URSULA K. LE GUIN on an Artist’s Passion

Ursula K Le Guin
The choice to train to be an artist of any kind is a risky one. Art’s a vocation, and often pays little for years and years — or never. Kids who want to be dancers, musicians, painters, writers, need more than dreams. They need a serious commitment to learning how to do what they want to do, and working at it through failure and discouragement. Dreams are lovely, but passion is what an artist needs — a passion for the work. That’s all that can carry you through the hard times. So I guess my advice to the young writer is a warning, and a wish: You’ve chosen a really, really hard job that probably won’t pay you beans — so get yourself some kind of salable skill to live on! And may you find the reward of your work in the work itself.
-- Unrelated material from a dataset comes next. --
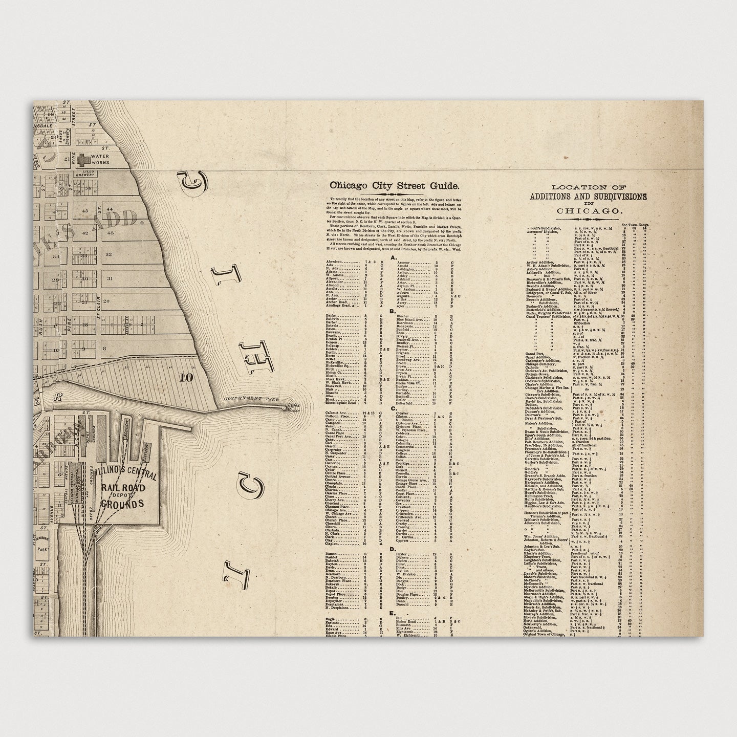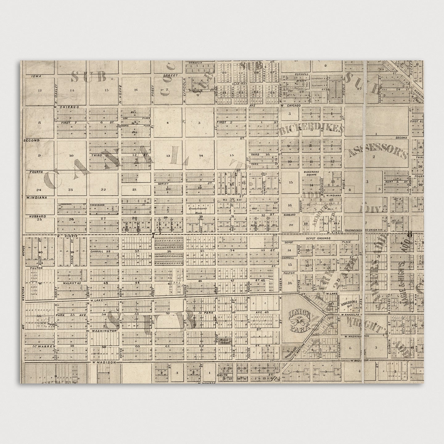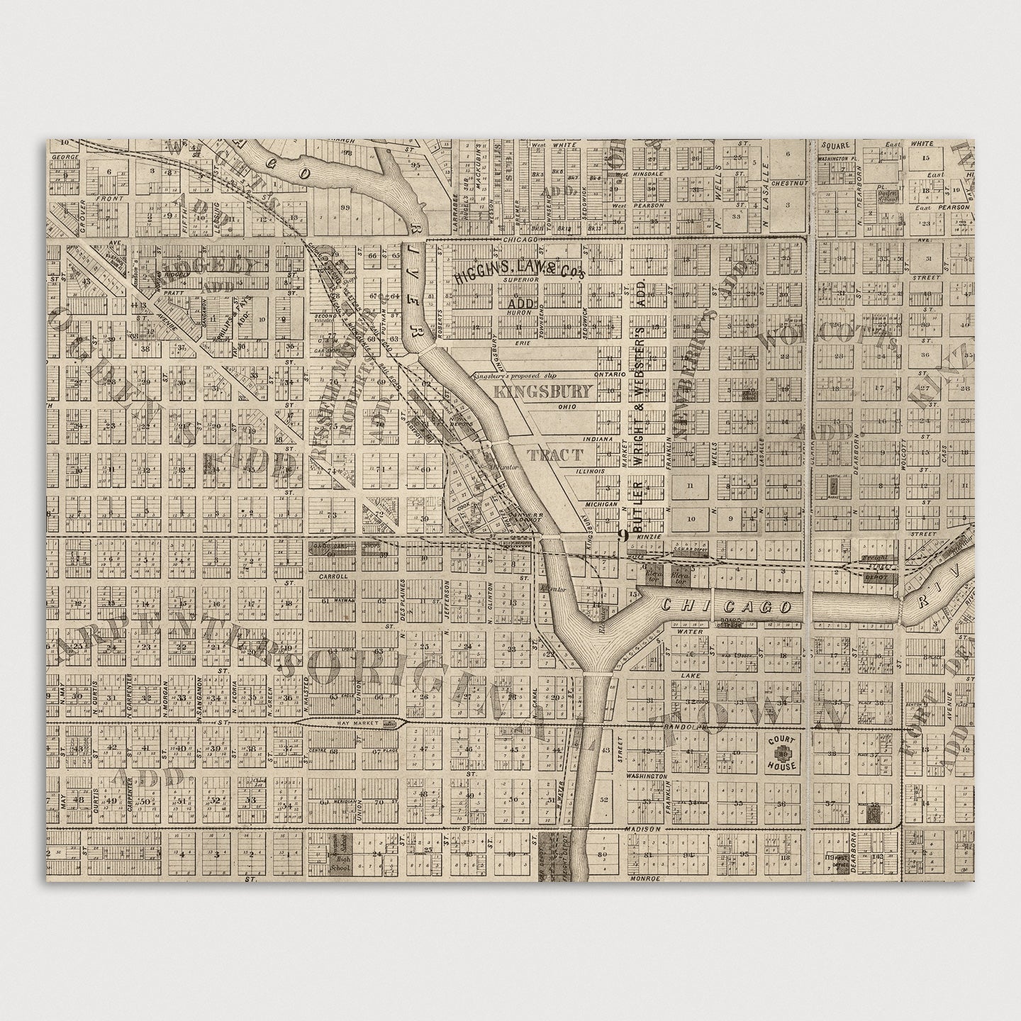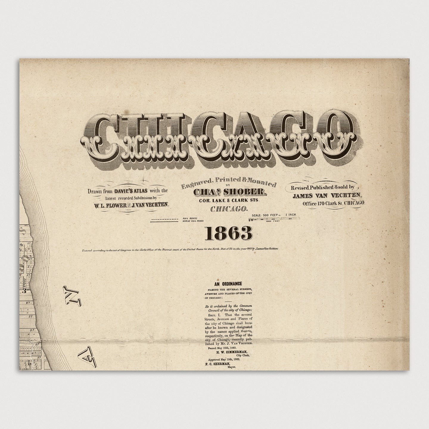 Archival print reproduction of an antique map of Chicago, Illinois from 1863 by Charles Shober. Covers central Chicago, from about 15th St. in the south to about Armitage Ave. in the north, and from the lake west to Western Ave.

May it bring you joy.

Ray Bradbury on Being a Sublime Fool

To sum it all up, if you want to write, if you want to create, you must be the most sublime fool that God ever turned out and sent rambling.

You must write every single day of your life.

You must read dreadful dumb books and glorious books, and let them wrestle in beautiful fights inside your head, vulgar one moment, brilliant the next.

You must lurk in libraries and climb the stacks like ladders to sniff books like perfumes and wear books like hats upon your crazy heads.

I wish for you a wrestling match with your Creative Muse that will last a lifetime.

I wish craziness and foolishness and madness upon you.

May you live with hysteria, and out of it make fine stories—science fiction or otherwise.

Which finally means, may you be in love every day for the next 20,000 days. And out of that love, remake a world.

Anton Chekov Addresses Adjectives

Cross out as many adjectives and adverbs as you can. It is comprehensible when I write: “The man sat on the grass,” because it is clear and does not detain one’s attention. On the other hand, it is difficult to figure out and hard on the brain if I write: “The tall, narrow-chested man of medium height and with a red beard sat down on the green grass that had already been trampled down by the pedestrians, sat down silently, looking around timidly and fearfully.” The brain can’t grasp all that at once, and art must be grasped at once, instantaneously.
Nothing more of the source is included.